SUPPLIED RECORDS>
▼

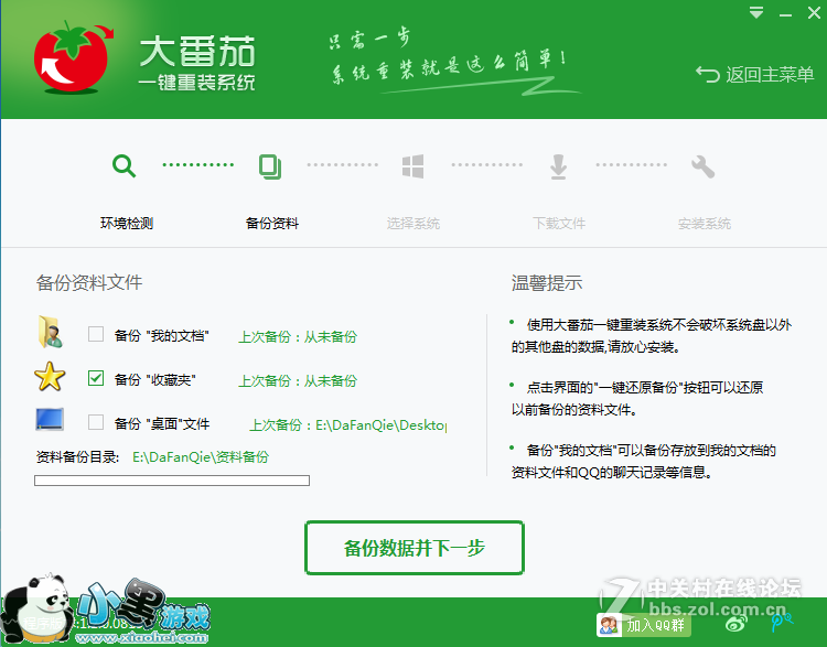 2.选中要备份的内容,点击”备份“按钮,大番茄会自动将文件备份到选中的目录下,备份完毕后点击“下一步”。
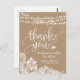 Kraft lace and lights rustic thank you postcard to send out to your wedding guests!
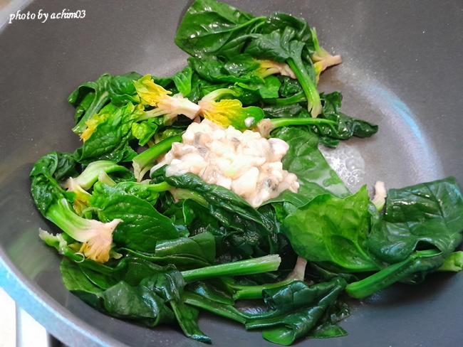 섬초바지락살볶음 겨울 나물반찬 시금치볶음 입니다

▲
▼

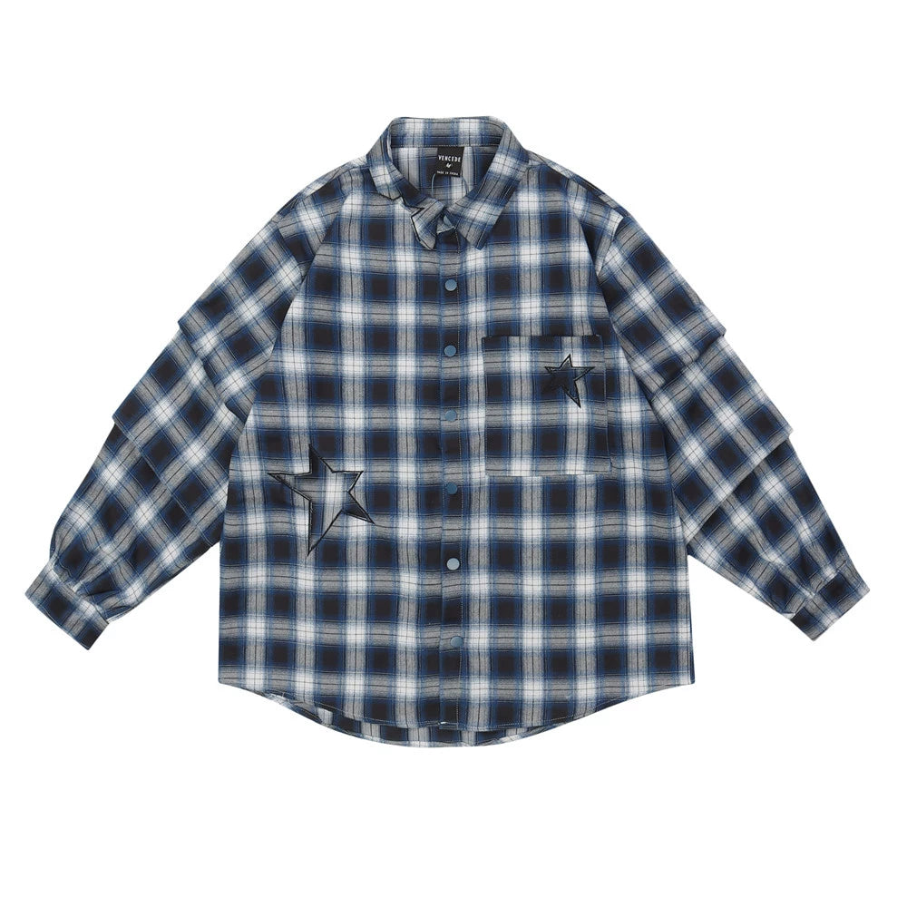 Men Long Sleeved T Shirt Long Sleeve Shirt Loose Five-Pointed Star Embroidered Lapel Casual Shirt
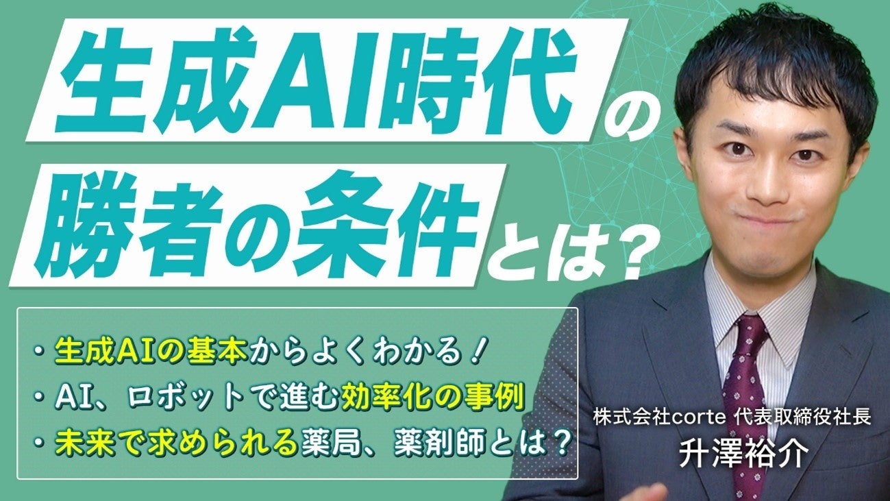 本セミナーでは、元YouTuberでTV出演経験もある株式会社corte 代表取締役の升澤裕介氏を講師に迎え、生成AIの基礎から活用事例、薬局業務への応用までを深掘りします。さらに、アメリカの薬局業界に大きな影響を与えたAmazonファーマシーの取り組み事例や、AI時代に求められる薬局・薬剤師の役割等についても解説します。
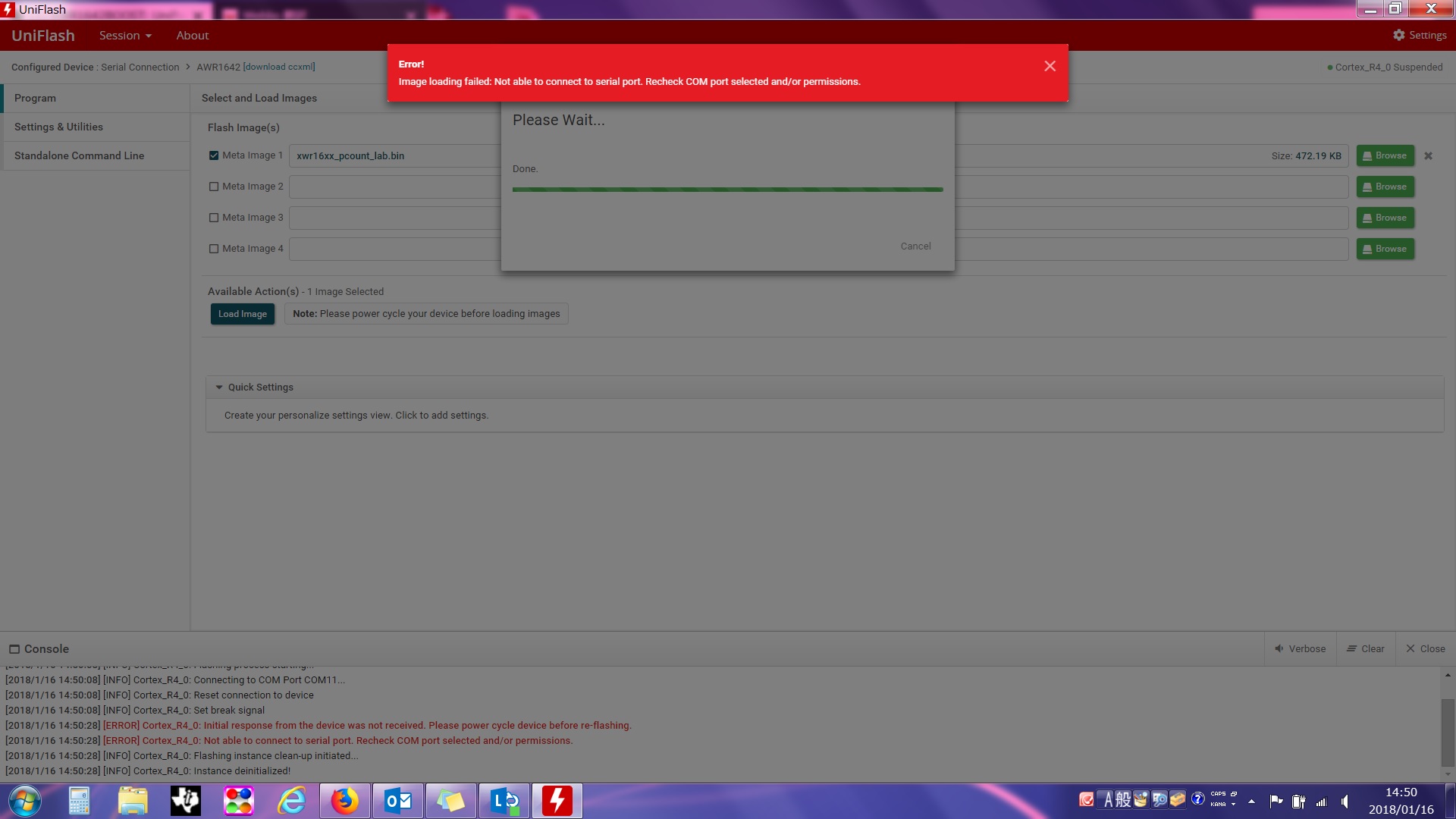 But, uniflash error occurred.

▲
▼

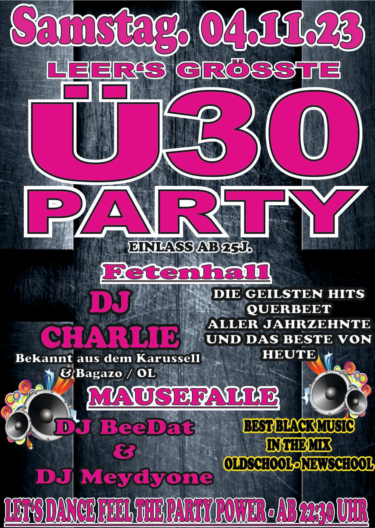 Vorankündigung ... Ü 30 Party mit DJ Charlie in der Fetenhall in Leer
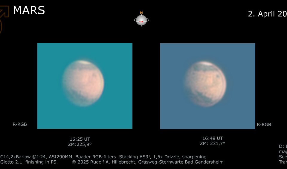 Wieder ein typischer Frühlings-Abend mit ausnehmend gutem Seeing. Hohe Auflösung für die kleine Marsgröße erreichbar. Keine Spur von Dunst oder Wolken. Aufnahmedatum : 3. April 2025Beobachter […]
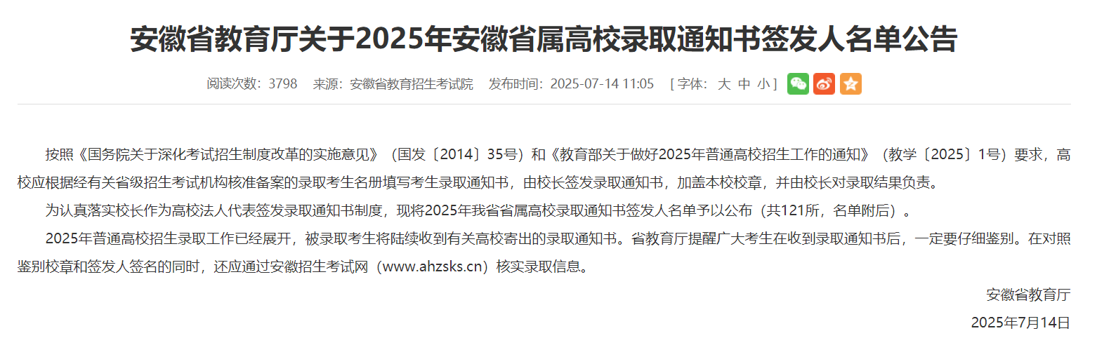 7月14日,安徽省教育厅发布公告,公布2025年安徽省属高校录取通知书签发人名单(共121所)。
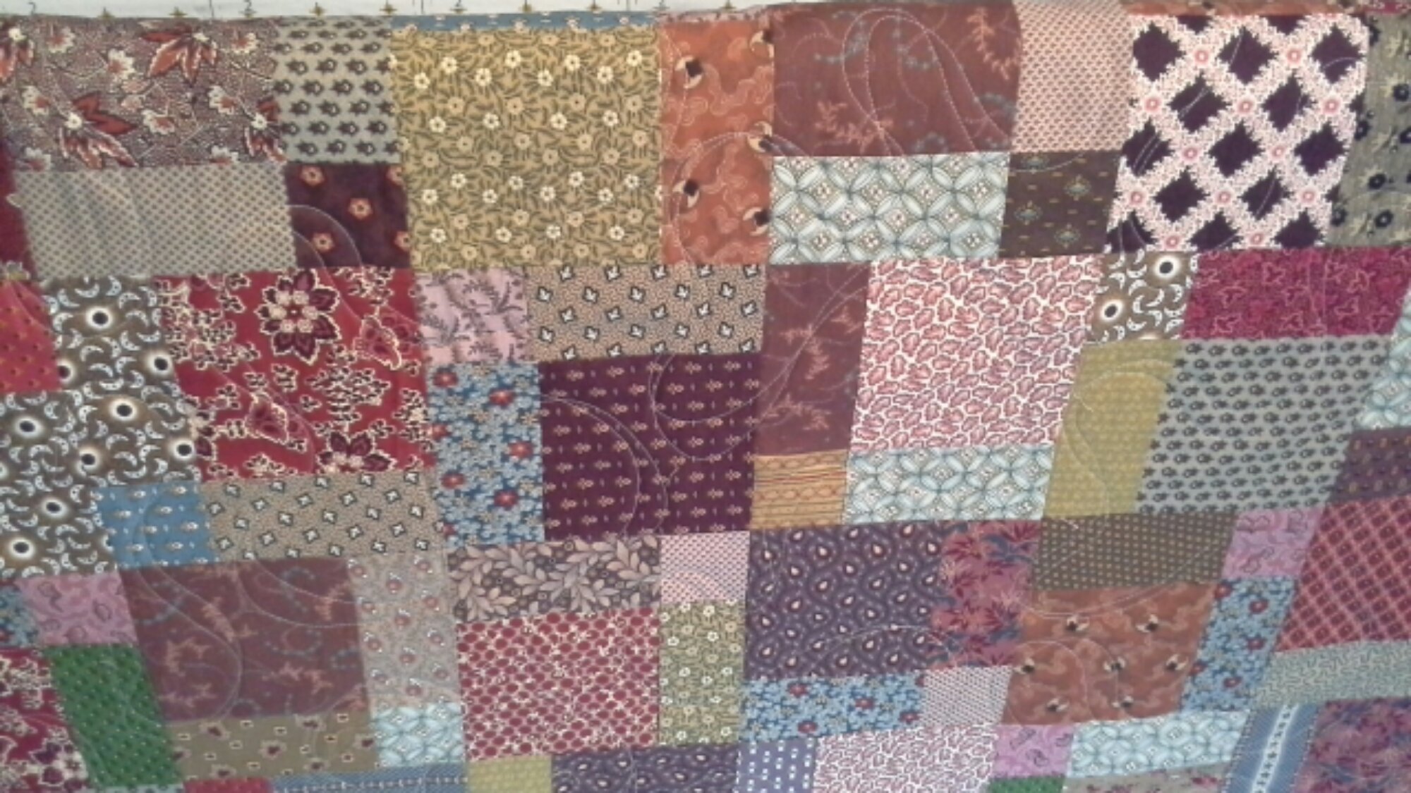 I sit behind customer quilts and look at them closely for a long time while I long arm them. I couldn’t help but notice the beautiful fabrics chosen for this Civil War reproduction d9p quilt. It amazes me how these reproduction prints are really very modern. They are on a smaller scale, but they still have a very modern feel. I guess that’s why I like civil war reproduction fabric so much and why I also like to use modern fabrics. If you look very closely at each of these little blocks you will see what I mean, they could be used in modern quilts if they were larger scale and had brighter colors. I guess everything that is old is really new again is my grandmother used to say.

▲

WORK TASK>
Line for line, output the entries above from the line with "本セミナーでは、元YouTu" to the line with "But, uniflash error occurred.", both included, and nothing more. Skip pictures.

REPLY TO THE TASK>
 本セミナーでは、元YouTuberでTV出演経験もある株式会社corte 代表取締役の升澤裕介氏を講師に迎え、生成AIの基礎から活用事例、薬局業務への応用までを深掘りします。さらに、アメリカの薬局業界に大きな影響を与えたAmazonファーマシーの取り組み事例や、AI時代に求められる薬局・薬剤師の役割等についても解説します。
 But, uniflash error occurred.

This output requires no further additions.